Moore's Lobby Podcast

Pragmatic Semi is Breaking the Rules and Bending Silicon Electronics

Episode #74 / 57:58 / March 26, 2024 by Daniel Bogdanoff
0:00
Episode Sponsor: Avnet Abacus

Pragmatic Semiconductor’s Founder and Executive Director joins us to discuss their thin-film, low-cost alternative to traditional silicon manufacturing and their aim to disrupt applications from smart labeling to IoT sensors and fingerprint sensors.

While Moore’s Law scaling has driven incredible advancements in computing, AI, and smartphones, many applications don’t need or benefit from the most advanced semiconductor nodes. From its inception, Pragmatic Semiconductor’s goal has been to take a…well, pragmatic…approach to develop an ultra low-cost, fast cycle time alternative to traditional silicon processing. Oh, and did we mention that the resulting chips and wafers are also flexible?

 

Thin-film silicon wafers and chips are thin and flexible. Image used courtesy of Pragmatic

 

You will definitely want to check out this Moore’s Lobby conversation between White and our host, Daniel Bogdanoff, as they dive into:

  • The technology and manufacturing of thin-film silicon
  • Europe’s largest-ever VC funding for a semiconductor company
  • The potential advantages of flexible silicon for building a more robust supply chain
  • White’s top priorities for improving the flexible silicon ecosystem

 

A Big Thank You to Our Sponsors! 

 

Meet Scott White

Pragmatic Semiconductor is Scott White’s sixth technology venture.
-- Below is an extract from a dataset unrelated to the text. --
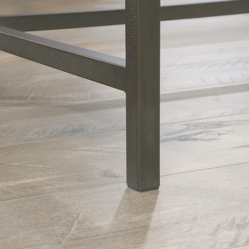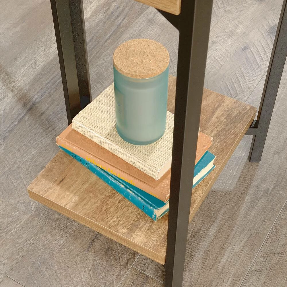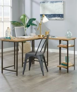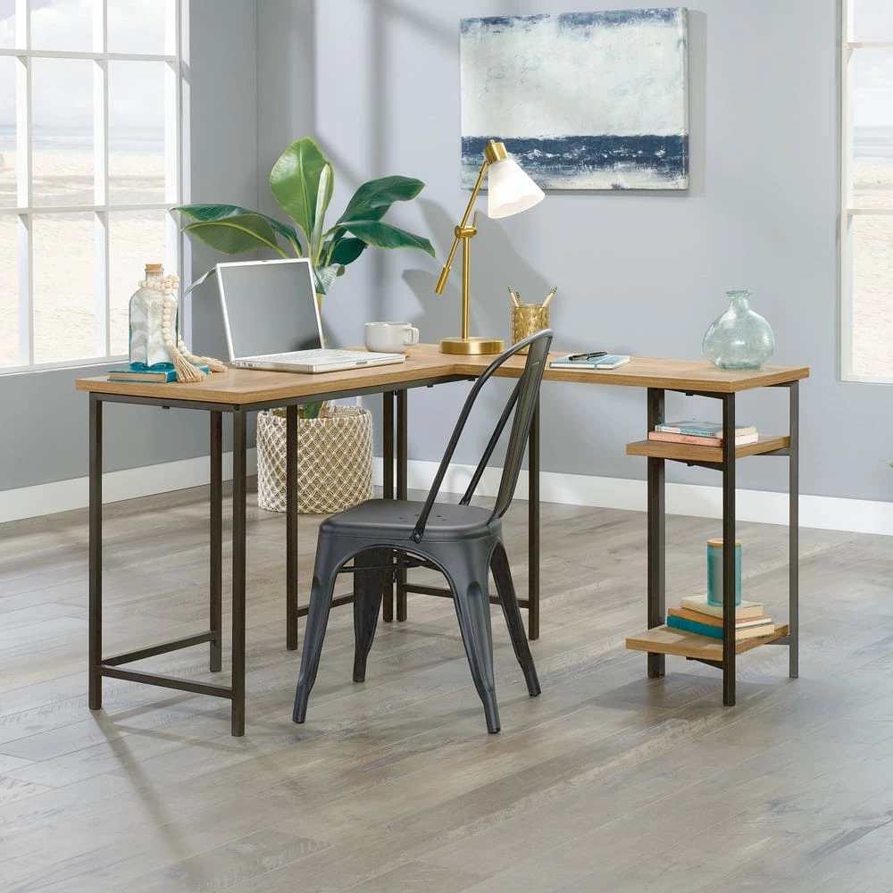 - Sauder North Avenue Home Office L-Desk with Storage features a spacious top surface for optimal work area
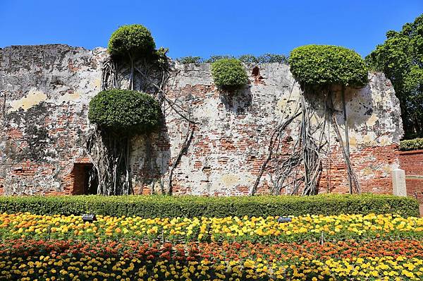 熱蘭遮城外城的南城壁遺跡,算是保存較好的一部份。如今斑駁蒼勁,壁面上有古榕盤纏,老根新葉交錯,充滿歲月滄桑的美感!早期並無水泥,整座城壁是以糖水和糯米汁搗合蠔殼灰、砂等,疊磚而成,並稱"三合土"。又因先民稱荷人為"紅毛番",故又稱"紅毛土",寄數非常精良,構築十分堅實而鞏固。

Since founding the company nearly 15 years ago, Scott has led the development of a novel silicon thin-film technology and its associated manufacturing capabilities. Today, he is often focused on fundraising and leading new strategic initiatives.

 

 

Scott’s previous companies were in the fields of telecommunications, photonics, and machine learning. He has received a number of honors, including being named Deep Tech Entrepreneur of the Year in the 2022 Enterprise Awards and a Lifetime Fellow of the Bessemer Society in 2023. 

Scott has a 1st class degree in Pure and Applied Mathematics and Information Technology from the University of Western Australia, where he studied neural networks and syntactic machine learning. He has over 50 patents and has lived and worked in Australia, Japan, Singapore, Indonesia, the US, and the UK.